Why is it said that too much need can ruin a relationship-



It’s normal to expose a sense of need when chasing a girl. Just because you like someone, you will have this different kind of affection for her. But having too strong a sense of need will only reduce your attractiveness, make the other person feel pressured, and ruin the relationship you have worked so hard to build.

Give a specific example.

For example, when a boy says to a girl, "I like you, please be my girlfriend":

The boy will think that he is just "expressing his love" to the other person. ", and girls will understand it as "he needs me."

It is evolutionary psychology and differences in growth trajectories that lead to this misunderstanding, making girls have a higher awareness of self-protection than boys.

Therefore, the "sense of need" is destined to become a stumbling block in your pursuit.

A man who has needs is called "responsive to every request" and will be manipulated by girls in every aspect of his relationship.

Men who have no needs, "have no desires but are strong", and are invincible in the process of chasing girls.

In short, if we express a strong sense of need from the beginning, girls will be wary of us due to various concerns.

All your actions will appear to her to be "purposeful", and the relationship between the two will stagnate. Chasing girls with too much need will almost never bring good results.

Now let’s talk about how the sense of need leads to these bad results. I hope you can be inspired by it.

1. Easy to misunderstand

An excessive sense of need will lead us to misjudge the relationship.

For example, under normal circumstances, if an ordinary girl asks you for help or takes the initiative to chat, you won’t think much about it.

But if this girl is replaced by a girl you like, you will most likely mistakenly think that she also has a crush on you.

If you don’t believe me, you can substitute it. Think about the person you like the most. Does she feel related to you even if she posts in Moments?

When a misunderstanding occurs, it is natural for you to go and confess your feelings to the girl. But she may not be ready for this relationship.

If you are lucky, she will also have a good impression of you and agree to try dating for a while; but in most cases, you will not get the desired results.

2. Easily moved by ourselves

The strong sense of need drives us to do a lot of meaningless things. It is easy to fall into self-impression when things happen.

There is a very vivid metaphor: a girl likes apples, but she doesn’t tell you, but you guess that she will like bananas, so you give them to her.A cart of bananas.

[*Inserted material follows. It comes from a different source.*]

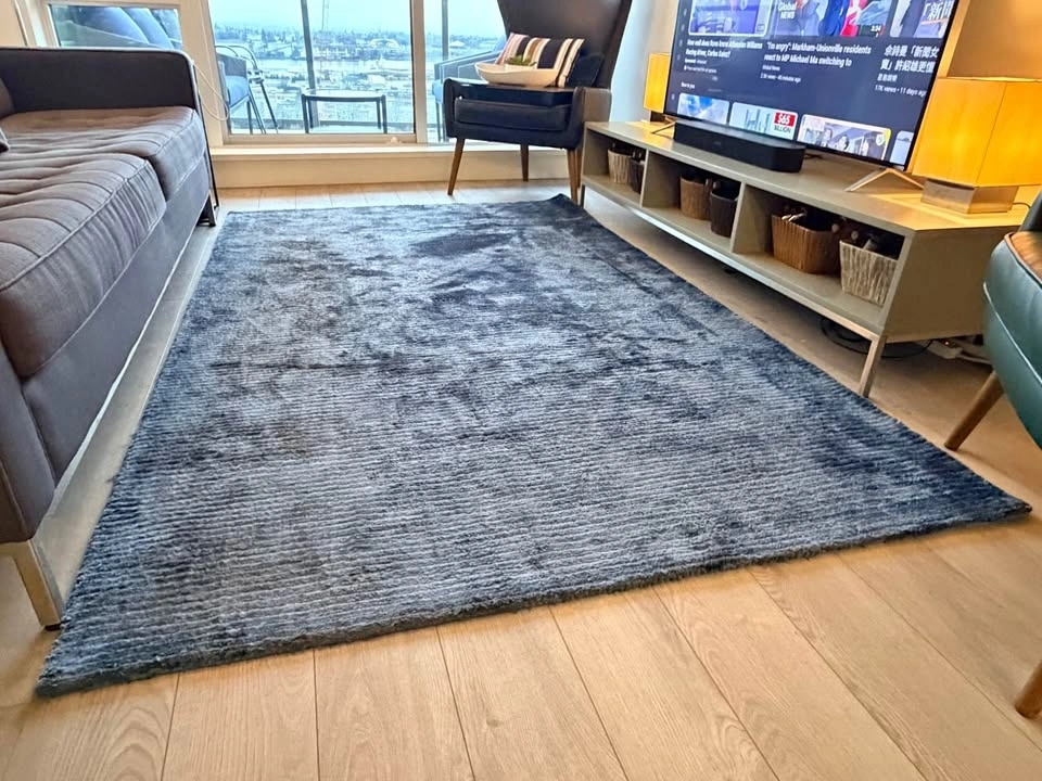 Used in a smoke-free, pet-free condo that is air-conditioned year-round and no family/kids. No stains. Some natural shading and light pile variation adds softness and cozy character while keeping modern feel, as shown in the photos.

Then I thought, "I've done this to you. If it were 'I chase myself' and chased you back and forth several times, why are you still indifferent?"

This is it. In psychology, if you pay too much attention to your own feelings, you will ignore the feelings of the other person.

We are blinded by our own sense of need and fail to take care of the other person’s real needs.

What's more, "people's joys and sorrows are not the same". The rain in your heart pours down, but it can't get her hair wet in the end.

3. Easily get confused

An excessive sense of need will make you lose patience. Eager to prove himself to girls, he makes mistakes at critical moments.

For example, when chatting with girls, the topic "What kind of boys do you like" comes up.

Some girls will say, "I like tall boys" or "I like boys who are nice to me."

At this time, as someone who likes her, you must not be able to help but take the right position.

Say things like "I'm not short either", "Am I not good to you", "What do you think of me?"

We "pretend to be confused" and leave the decision-making power of the relationship to the other party. As mentioned before, even if it succeeds, it is a small probability event.

In fact, the promotion of a relationship is "only when things come naturally". The person who takes the initiative to break the window in the relationship is tantamount to giving the other party a chance to refuse.

Boys excessively pursue the ritual sense of "establishing a relationship", which in many cases becomes the biggest obstacle for two people to be together.